[Mlir-commits] [mlir] [mlir] Python: write bytecode to a file path (PR #127118)

Nikhil Kalra llvmlistbot at llvm.org
Thu Feb 13 12:22:07 PST 2025


https://github.com/nikalra updated https://github.com/llvm/llvm-project/pull/127118

>From b6d637b02c31f90a1f959d5f0864866e3851ec0e Mon Sep 17 00:00:00 2001
From: Nikhil Kalra <nkalra at apple.com>
Date: Thu, 13 Feb 2025 12:08:49 -0800
Subject: [PATCH 1/3] [mlir] Python: write bytecode to a file path

The current `write_bytecode` implementation necessarily requires the serialized module to be duplicated in memory when the python `bytes` object is created and sent over the binding.
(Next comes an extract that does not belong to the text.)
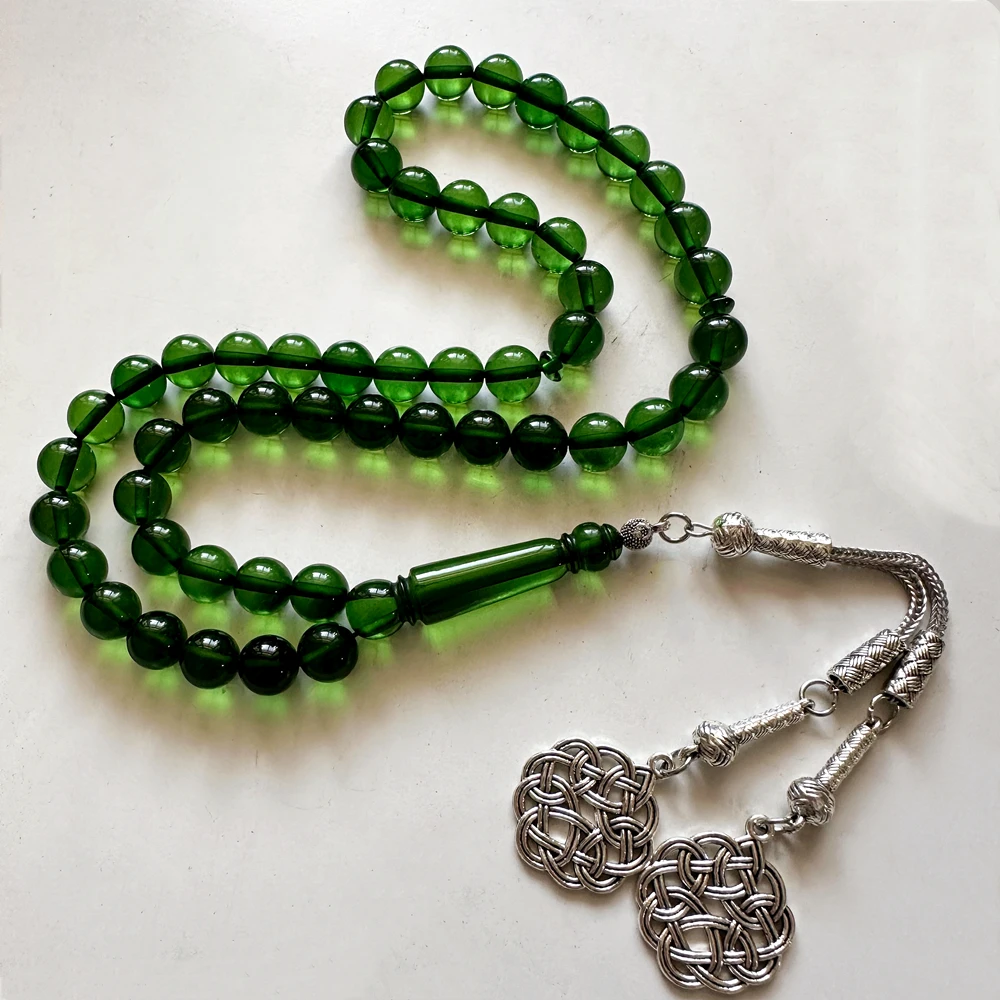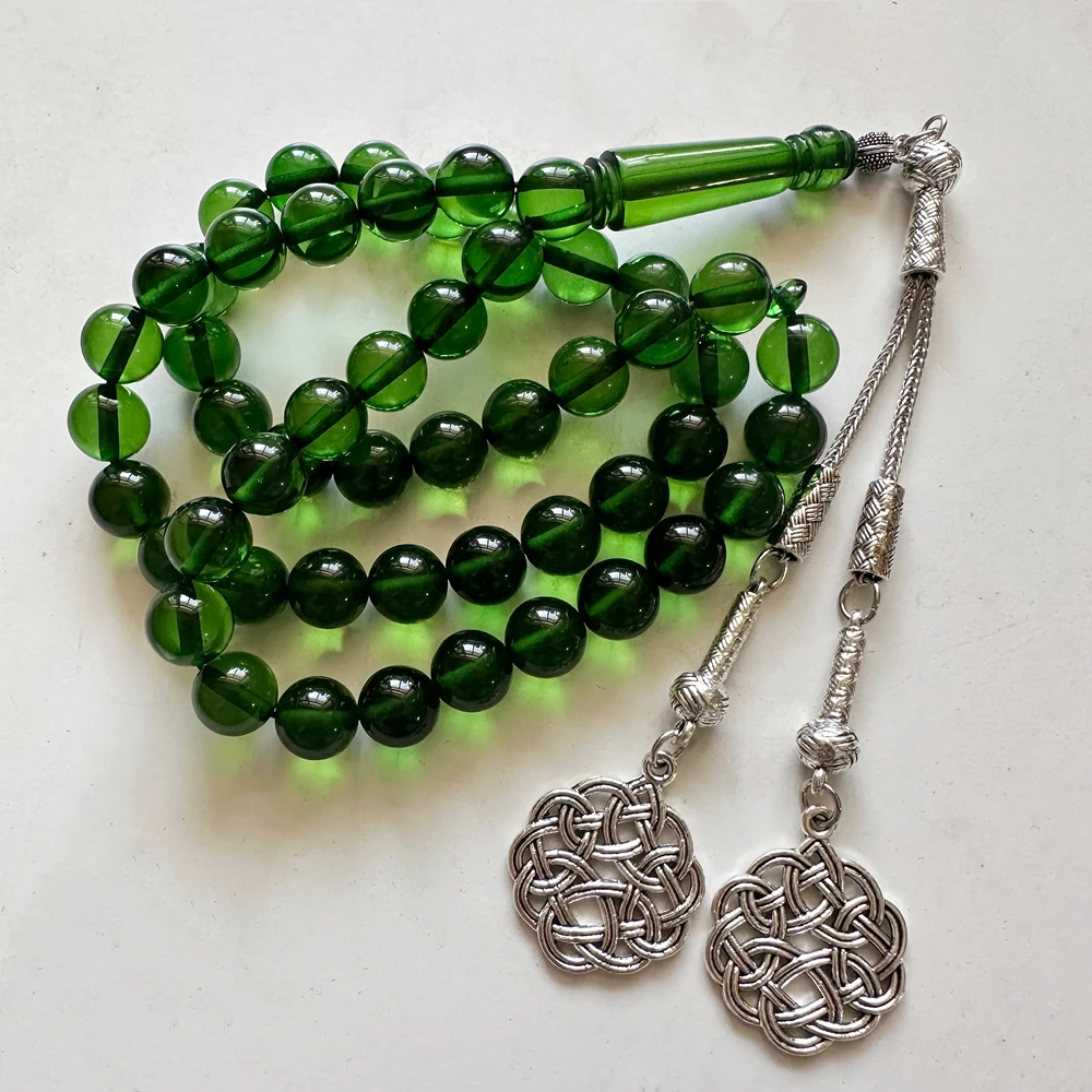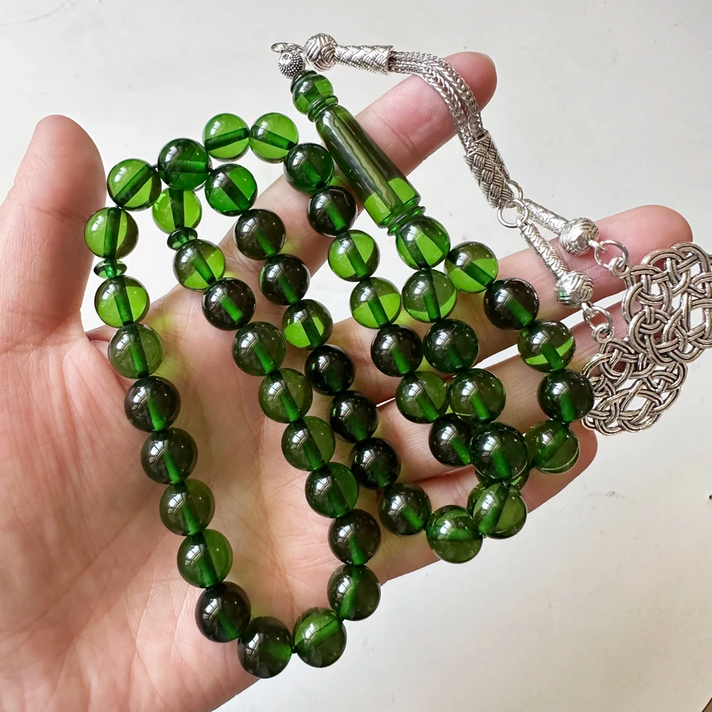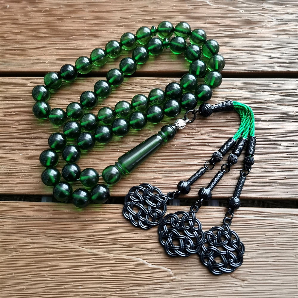 اللون الأخضر العنبر تسبيح 33 66 99 الخرز الإسلامية الفاخرة مسبحة الرجال مسلم misbaha الأحجار الكريمة الصلاة الخرز أساور هدية عيد

For modules with large resources, we may want to avoid this in-memory copy by serializing directly to a file instead of sending bytes across the boundary.
---
 mlir/lib/Bindings/Python/IRCore.cpp      | 40 ++++++++++++++++++------
 mlir/lib/Bindings/Python/NanobindUtils.h | 22 ++++++++++++-
 mlir/python/mlir/_mlir_libs/_mlir/ir.pyi |  6 ++--
 mlir/test/python/ir/operation.py         |  5 +++
 4 files changed, 60 insertions(+), 13 deletions(-)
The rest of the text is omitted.